Die Kundenbetreuerin hilft gern
Bähr ist begeistert von ihrem Job. „Ich bin gern draußen unterwegs“, sagt sie und schwärmt vom Sonnenaufgang auf der Fahrt nach Frankfurt (Main) an diesem Morgen: „Das war so eine friedvolle, schöne Stimmung, auch im Zug.“ Sie schätzt die Kolleg:innen – diejenigen, die sie in Bamberg gut aufgenommen haben, und diejenigen, die sie unterwegs zufällig trifft und die sie auch schon mal in schwierigen Situationen unterstützen. Und Bähr freut sich, wenn sie Reisenden helfen kann. Zum Beispiel der mobilitätseingeschränkten Frau, die mit viel Gepäck nach Bad Kissingen unterwegs war. „Wegen Bauarbeiten gibt es gerade einen Schienenersatzverkehr. Ich habe die Kolleg:innen in Würzburg angerufen und die haben organisiert, dass der Frau beim Umsteigen in Gemünden geholfen wurde.“
Ein besonderer Tag für Bähr war der Fahrplanwechsel am 11. Dezember, denn da war sie zum ersten Mal mit einem der neuen Desiro-HC Doppelstockzüge (Baureihe 1462) nach Saalfeld (Saale) unterwegs. 18 dieser vierteiligen Doppelstockzüge mit je 380 Sitzplätzen und drei Mehrzweckbereichen (36 Fahrradstellplätze pro Zug) fahren seit Dezember in der Region Franken und in Südthüringen. Die Wabenstruktur der Fensterscheiben sorgt für einen besseren Mobilfunkempfang, außerdem gibt es WLAN und jeweils eine Steckdose an jedem Doppelsitz. „Die Fahrgäste haben gestaunt und waren begeistert“, berichtet Bähr. Insbesondere die großen Mehrzweckabteile haben den Reisenden gefallen. „Wir können jetzt viel mehr Fahrräder, Kinderwagen und Rollstuhlfahrer:innen mitnehmen. Das ist toll“, sagt Bähr. Außerdem schätzt sie die Hublifte, mit denen die Kundenbetreuer:innen mobilitätseingeschränkte Reisende in und aus dem Zug helfen können.

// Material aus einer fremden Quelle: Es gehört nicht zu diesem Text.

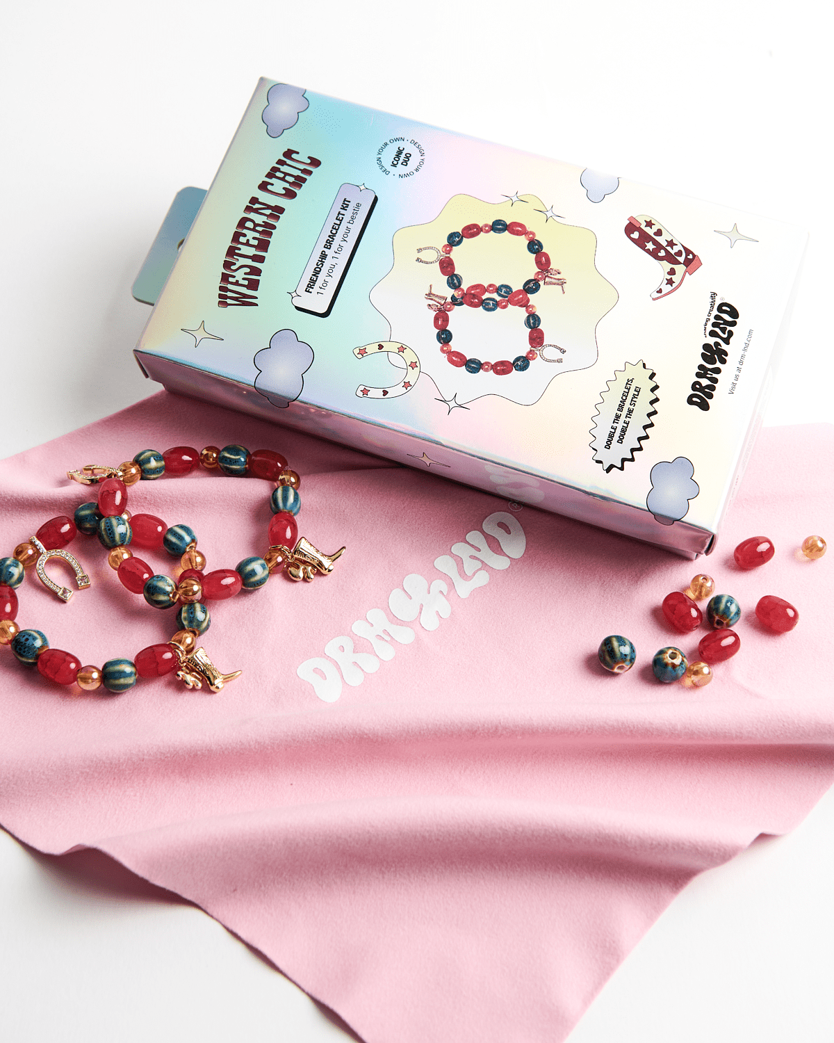 Tuotepaketti sisältää: - 1 × helmialusta (kangas) - 1 × helmineula - 2 × joustonauha - 40 cm helmiä - 4 × koruriipusta - 2 × logoriipusta

Neue Züge im Franken-Südthüringen-Netz
18 Desiro-HC Doppelstockzüge von Siemens fahren seit Dezember in der Region Franken und in Südthüringen
Natürlich erlebt die Kundenbetreuerin aber auch jede Menge schwierige Situationen: Reisende ohne oder mit ungültigen Tickets. Fahrgäste mit Deutschland-Ticket, die ihren Ausweis nicht zeigen wollen oder keine Fahrscheine für ihre Kinder haben. „Die Aggressionsschwelle mancher Reisender ist niedrig. Da braucht man Fingerspitzengefühl und muss deeskalieren“, sagt Bähr. „Wer einen ruhigen Job ohne Verantwortung will, für den ist das nichts.“ Für die Bambergerin selbst aber wohl: „Ich bin glücklich, dass ich diese Chance bekommen habe und mir zugetraut habe, diesen Schritt zu gehen.“ Inzwischen besucht sie auch wieder das Sportstudio und plant Fahrten mit dem E-Tourenrad. An ihren freien Tagen war Bähr gerade in Sachsen unterwegs. Und sie freut sich, dass die Handwerkskammer eine Nachfolgerin für ihr Friseurgeschäft und ihre ehemaligen Kund:innen gefunden hat.